This cudf::make_strings_column factory function builds the strings column without making a copy of the data. The offsets data and chars data are already in the correct, expected format and this factory simply moves the data from each vector and creates the column structure around it. Once completed, the rmm::device_uvectors for offsets and chars are empty, their data having been moved into the output column.
cudf::size_type output_size = offsets.back_element(stream);
auto chars = rmm::device_uvector(output_size, stream);
redact_kernel>>(
*d_names, *d_visibilities, offsets.data(), chars.data());
// from pre-assembled offsets and character buffers
auto result = cudf::make_strings_column(names.size(), std::move(offsets), std::move(chars));
This approach takes about 300 us (0.3 ms) on an A6000 with 600K rows of data and improves over the previous approach by more than 2x. You might notice that sizes_kernel and redact_kernel share much of the same logic: once to measure the size of the output and then again to populate the output.
From a code quality perspective, it is beneficial to refactor the transformation as a device function called by both the sizes and redact kernels. From a performance perspective, you might be surprised to see the computational cost of the transformation being paid twice.
The benefits for memory management and more efficient column creation often outweigh the computation cost of performing the transformation twice.
Table 2 shows the compute time, kernel count, and bytes processed for the four solutions discussed in this post. “Total kernel launches” reflects the total number of kernels launched, including both compute and helper kernels. “Total bytes processed” is the cumulative DRAM read plus write throughput and “minimum bytes processed” is an average of 37.9 bytes per row for our test inputs and outputs. The ideal “memory bandwidth limited” case assumes 768 GB/s bandwidth, the theoretical peak throughput of the A6000.
“Optimized Kernel” provides the highest throughput due to the reduced number of kernel launches and the fewer total bytes processed. With efficient custom kernels, the total kernel launches drop from 31 to 4 and the total bytes processed from 12.6x to 1.75x of the input plus output size.
As a result, the custom kernel achieves >10x higher throughput than the general purpose strings API for the redact transformation.
Peak performance analysis
The pool memory resource in RAPIDS Memory Manager (RMM) is another tool you can use to increase performance. The examples above use the default “CUDA memory resource” for allocating and freeing global device memory. However, the time needed to allocate working memory adds significant latency in between steps of the string transformations. The “pool memory resource” in RMM reduces latency by allocating a large pool of memory up front, and assigning suballocations as needed during processing.
With the CUDA memory resource, “Optimized Kernel” shows a 10x-15x speedup that begins to drop off at higher row counts due to the increasing allocation size (Figure 3). Using the pool memory resource mitigates this effect and maintains 15x-25x speedups over the libcudf strings API approach.
With the pool memory resource, an end-to-end memory throughput approaching the theoretical limit for a two-pass algorithm is demonstrated. “Optimized Kernel” reaches 320-340 GB/s throughput, measured using the size of inputs plus the size of outputs and the compute time (Figure 4).

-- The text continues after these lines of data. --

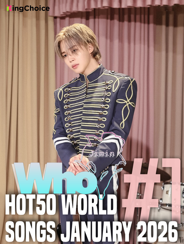방탄소년단(BTS) 지민의 솔로곡 ‘Who’는 글로벌 K팝 팬 투표 사이트 킹초이스(King Choice)가 1월 1일부터 1월 31일까지 진행한 ‘2026년 1월 월드송 핫50’에서 1위를 차지했다. 이로써 ‘Who’는 해당 차트에서 통산 15번째 정상에 오르며 식지 않는 인기를 이어갔다.
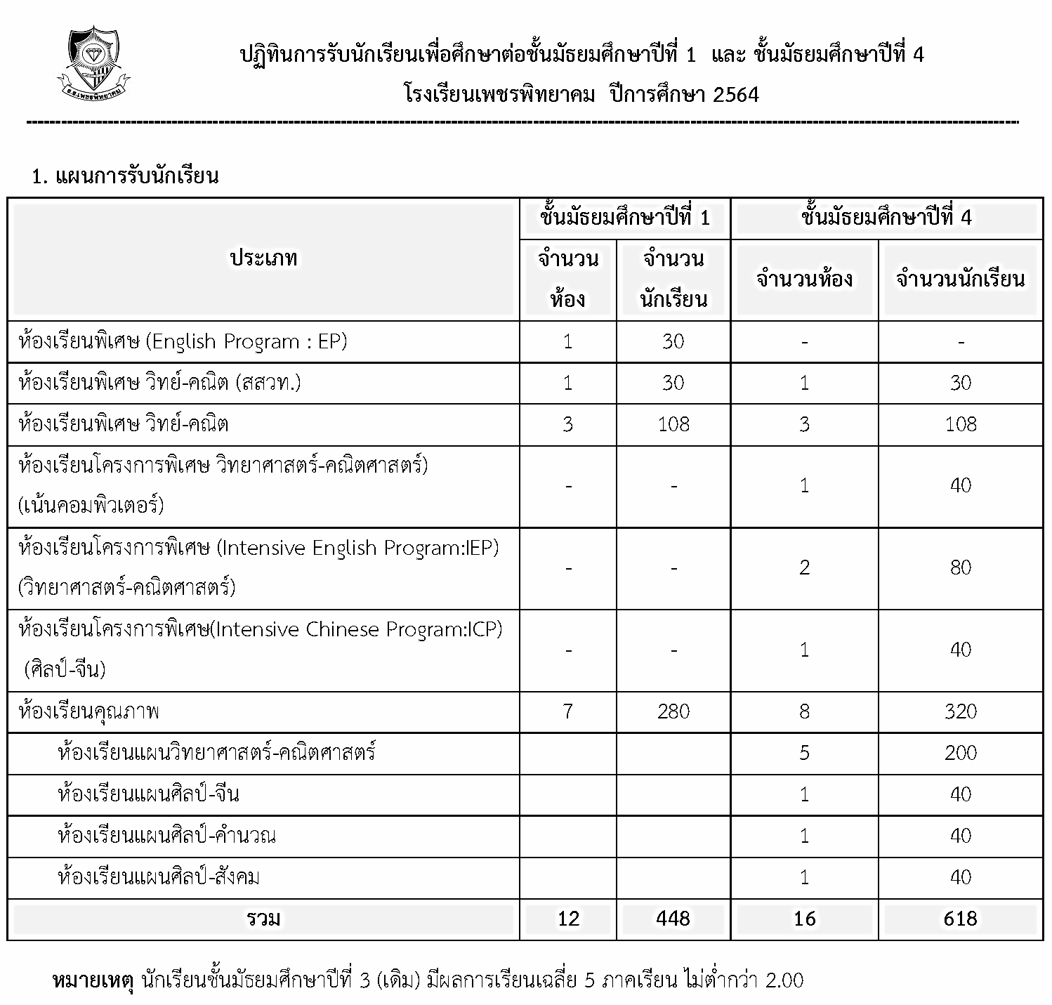 โรงเรียนเพชรพิทยาคม ปีการศึกษา 2564
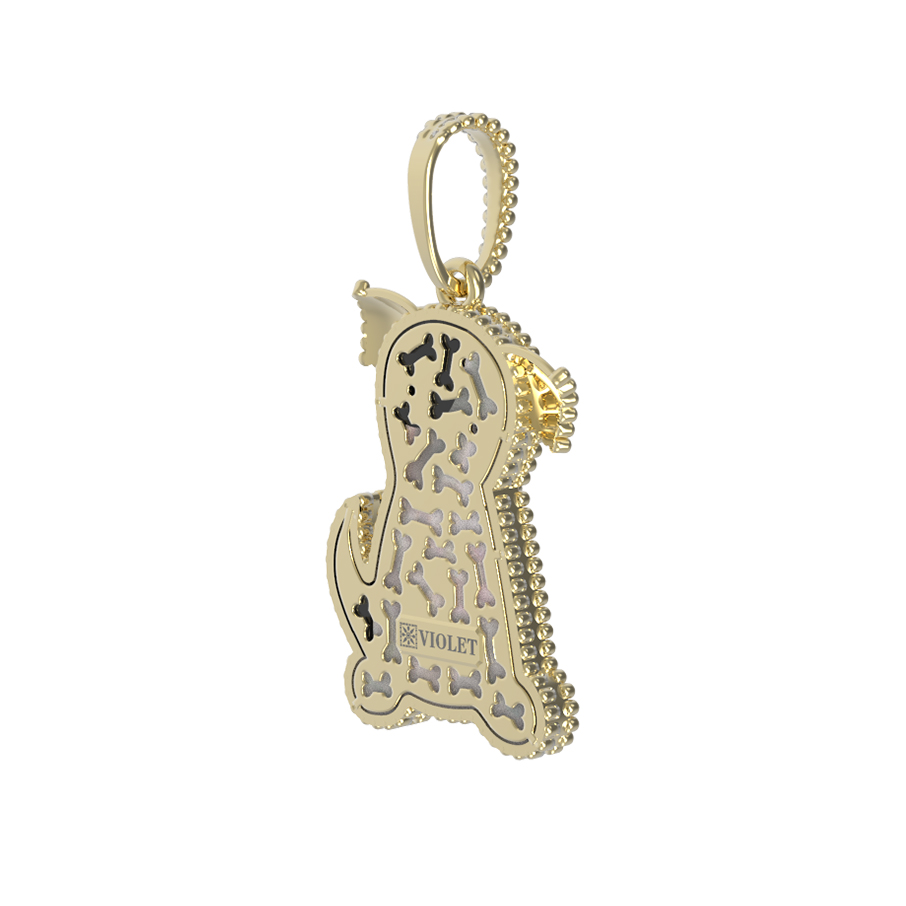 Подвеска из лимонного золота 585 пробы — это изысканное ювелирное украшение, которое станет ярким акцентом вашего образа. Дизайн изделия выполнен в виде милой собаки, что придает украшению игривый, но при этом статусный характер. Основа выполнена в благородном лимонном цвете золота, который эффектно подчеркивает красоту используемых вставок.
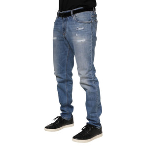 Dolce & Gabbana Blue Washed Tattered Logo Plaque Denim Jeans
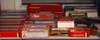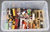 200 A collection of various model train rails, a transformer, etc in a plastic box, together with a collection of rails in a fruit box 20-30
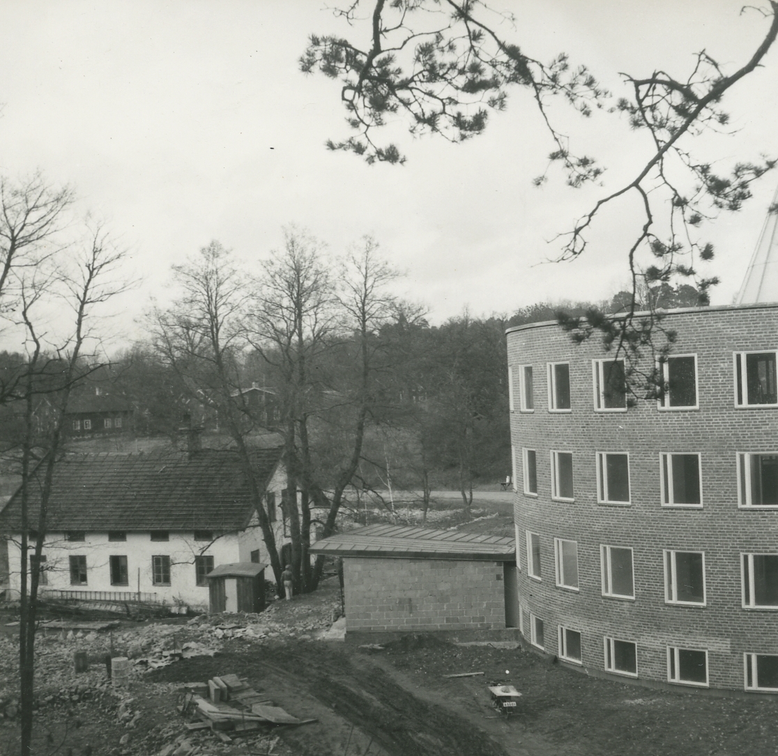 Exteriörbild. Kommunalhuset, Runda huset. med tvättstugan i bakgrunden.
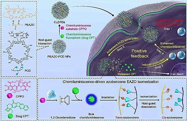近日,腐漫画 IAM团队范曲立教授团队在Chemical Science上发表文章,该团队人员利用靶向特异性启动和原位增强化学发光(自发光的一种)策略克服了缺乏靶向特异性高强度原位发光的局限性,实现了靶向特异性且组织深度无依赖的光致异构化。考虑到光致异构化在疾病特异性化疗的药物控制释放领域具有可观的应用前景,他们通过肿瘤特异性化学发光控制的药物化疗来阐述他们的原位发光驱动异构化策略的适用性。具体地,化学发光底物和化学发光荧光团(抗肿瘤药物,CPT)共同包封在由环糊精和低强度光异构化的偶氮苯组成的主-客体载体中。肿瘤组织高浓度过氧化氢诱导的化学发光初步启动偶氮苯异构化,引发主-客体载体的部分解离,从而导致CPT的初步释放。进一步地,最初释放的CPT在肿瘤组织原位诱导产生更高浓度的过氧化氢,实现了原位增强的化学发光,确保靶特异性增强的偶氮苯异构化和CPT释放。

The two-pass approach first measures the sizes of the output elements, allocates memory, and then sets the memory with the outputs. Given a two-pass processing algorithm, the implementation in “Optimized Kernel” performs close to the memory bandwidth limit. “End-to-end memory throughput” is defined as the input plus output size in GB divided by the compute time. *RTX A6000 memory bandwidth (768 GB/s).
Key takeaways
This post demonstrates two approaches for writing efficient string data transformations in libcudf. The libcudf general purpose API is fast and straightforward for developers, and delivers good performance. libcudf also provides device-side utilities designed for use with custom kernels, in this example unlocking >10x faster performance.
Apply your knowledge
To get started with RAPIDS cuDF, visit the rapidsai/cudf GitHub repo. If you have not yet tried cuDF and libcudf for your string processing workloads, we encourage you to test the latest release. Docker containers are provided for releases as well as nightly builds. Conda packages are also available to make testing and deployment easier. If you’re already using cuDF, we encourage you to run the new strings transformation example by visiting rapidsai/cudf/tree/HEAD/cpp/examples/strings on GitHub.

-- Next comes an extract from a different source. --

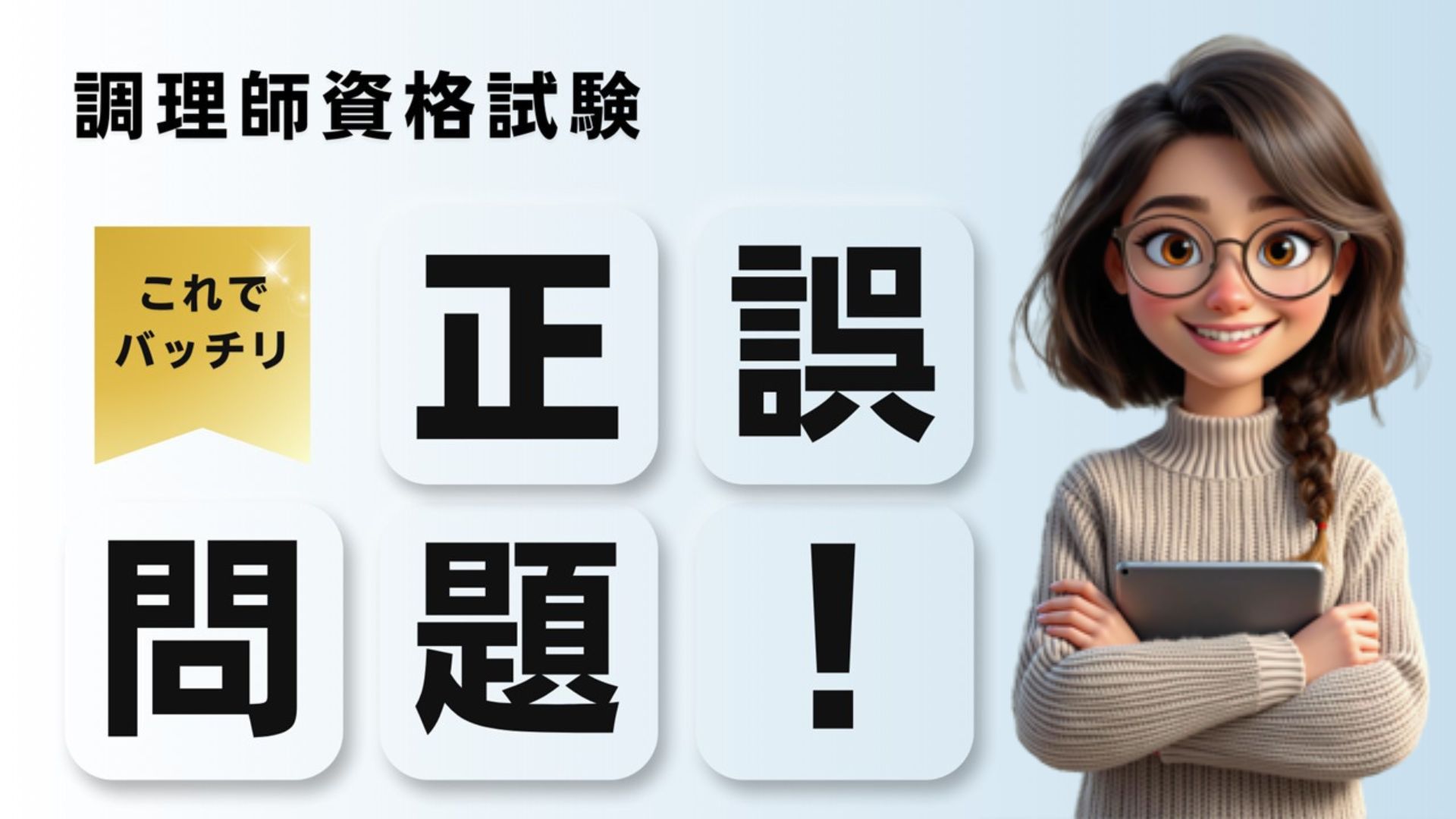 調理師2章2の〇×問題です。1問1問にわかりやすい解説がついています。4分ほどの動画です。繰り返し視聴していただき、3回目にしっかり答えましょう。間違いなく全問正解できます。

Posted by Ashish Thapliyal, Software Engineer, and Jordi Pont-Tuset, Research Scientist, Google Research
Image captioning is the machine learning task of automatically generating a fluent natural language description for a given image. This task is important for improving accessibility for visually impaired users and is a core task in multimodal research encompassing both vision and language modeling.

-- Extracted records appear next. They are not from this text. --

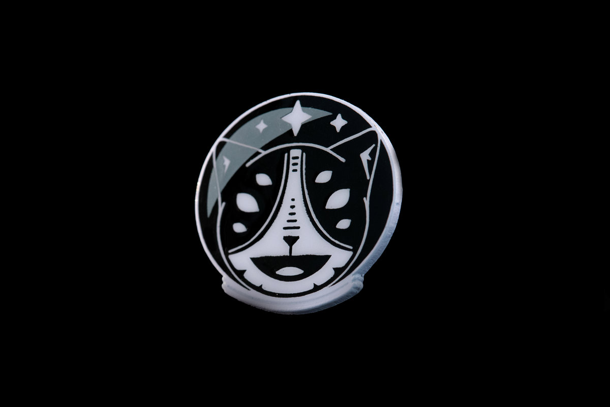 1" Hatpin with two pinbacks. Black and white. "Duffrey" written on back.
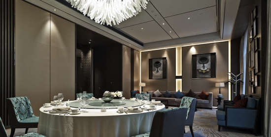 设计亮点分析:餐厅,一直都是酒店室内设计中的重点,是设计师追求完美空间的篇章。不论是从建筑结构到室内装饰都运用了现代新中式的设计风格,还是设计手法上的将古典中轴对称和现代简约的线条形式完美结合起来,都是无可挑剔的。
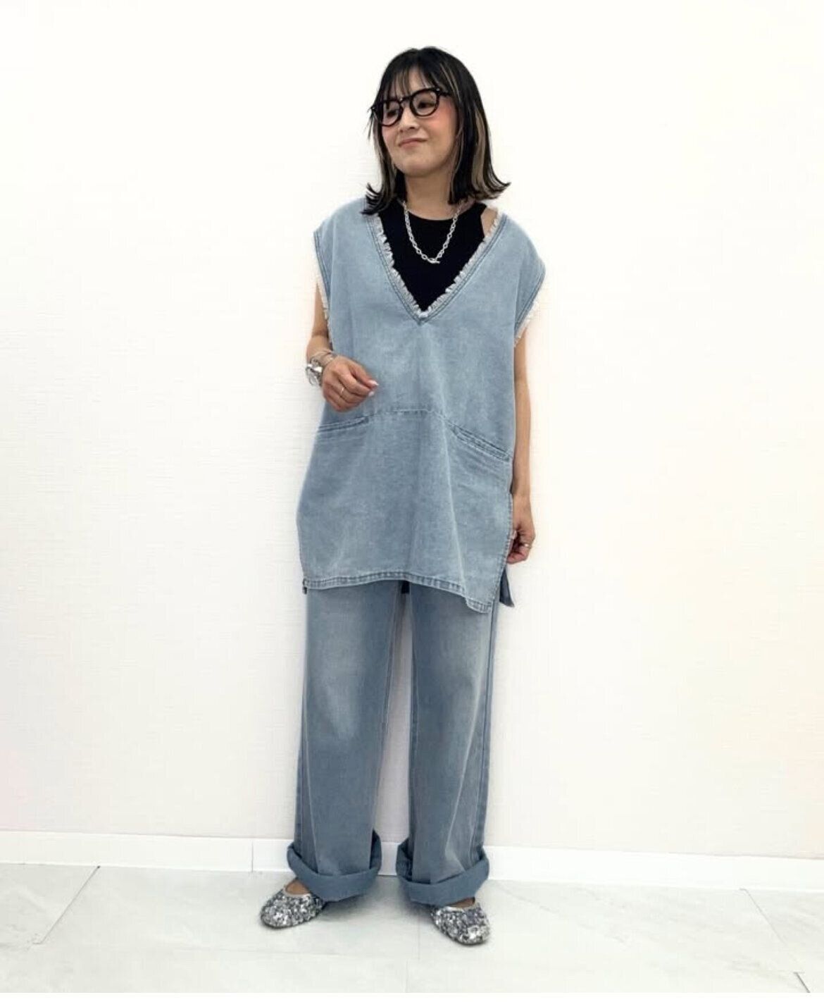 しまむらで販売されているデニムベスト「ケミカルデニムフリンジV」(1,639円)は、1枚でおしゃれも着やせも叶う注目のアイテム。オーバーサイズのデニムベストは気になる部分をカバーしてくれるだけでなく、腕や首回りをすっきり見せてくれます。フリンジが施されていることでおしゃれ度もUP。デニム×デニムのセットアップ風の着こなしでこなれ感を演出しちゃいましょう♪
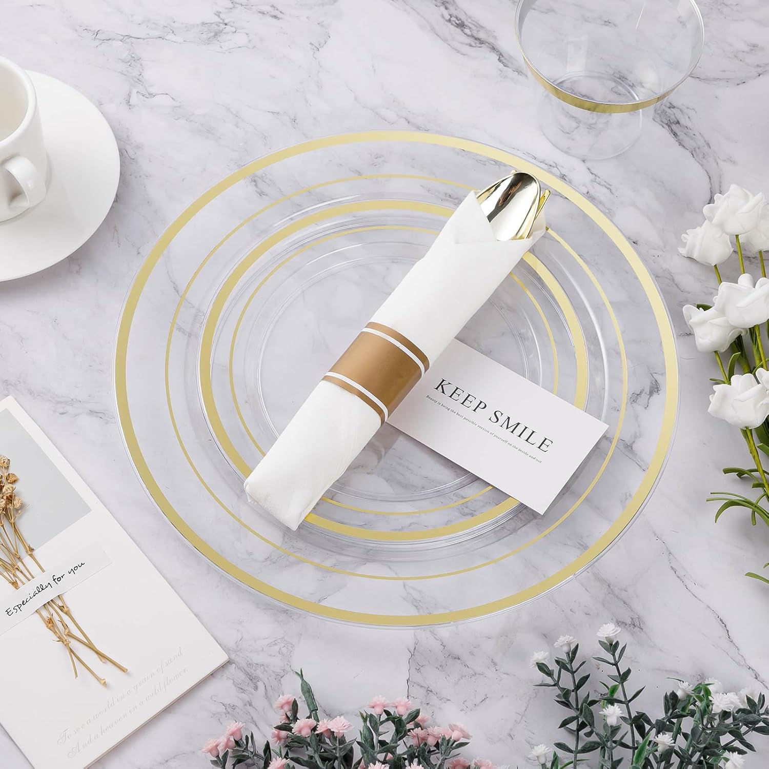 BESTVIP 175PCS Clear Gold Plastic Dinnerware Set, Disposable Party Plates for 25 Guests, Include: 50 Plastic Plates, 25 Pre Rolled Napkins with Silverware, 25 Cups for Christmas, Halloween

However, datasets for image captioning are primarily available in English. Beyond that, there are only a few datasets covering a limited number of languages that represent just a small fraction of the world’s population. Further, these datasets feature images that severely under-represent the richness and diversity of cultures from across the globe. These aspects have hindered research on image captioning for a wide variety of languages, and directly hamper the deployment of accessibility solutions for a large potential audience around the world.
Today we present and make publicly available the Crossmodal 3600 (XM3600) image captioning evaluation dataset as a robust benchmark for multilingual image captioning that enables researchers to reliably compare research contributions in this emerging field. XM3600 provides 261,375 human-generated reference captions in 36 languages for a geographically diverse set of 3600 images. We show that the captions are of high quality and the style is consistent across languages.
The Crossmodal 3600 dataset includes reference captions in 36 languages for each of a geographically diverse set of 3600 images. All images used with permission under the CC-BY 2.0 license.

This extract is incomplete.